\[ y'(x)-\cos (a y(x)+b x)=0 \] ✓ Mathematica : cpu = 0.317917 (sec), leaf count = 58
\[\left \{\left \{y(x)\to \frac {2 \tan ^{-1}\left (\frac {(a+b) \tanh \left (\frac {1}{2} \sqrt {a^2-b^2} \left (x-c_1\right )\right )}{\sqrt {a^2-b^2}}\right )-b x}{a}\right \}\right \}\]
✓ Maple : cpu = 0.08 (sec), leaf count = 54
\[ \left \{ y \left ( x \right ) ={\frac {1}{a} \left ( -bx+2\,\arctan \left ( {\frac {\tanh \left ( 1/2\,\sqrt {{a}^{2}-{b}^{2}} \left ( x-{\it \_C1} \right ) \right ) \sqrt {{a}^{2}-{b}^{2}}}{a-b}} \right ) \right ) } \right \} \]
\[ y^{\prime }=\cos \left ( ay+bx\right ) \]

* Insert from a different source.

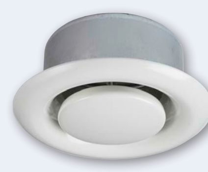
EFFC Extract Valve

This is separable after transformation of \(u=ay+bx\), hence \(u^{\prime }=ay^{\prime }+b\) or \(y^{\prime }=\frac {1}{a}\left ( u^{\prime }-b\right ) \). Therefore the above becomes
\begin {align*} \frac {1}{a}\left ( u^{\prime }-b\right ) & =\cos \left ( u\right ) \\ u^{\prime } & =a\cos u+b\\ \frac {du}{a\cos u+b} & =dx \end {align*}
This is the same as Kamke 76 (the problem before this), which we solved using half angle tan transformation, and the answer is
\[ u=2\arctan \left ( \frac {a+b}{\sqrt {b^{2}-a^{2}}}\tan \left ( \frac {1}{2}\sqrt {b^{2}-a^{2}}\left ( x+C\right ) \right ) \right ) \]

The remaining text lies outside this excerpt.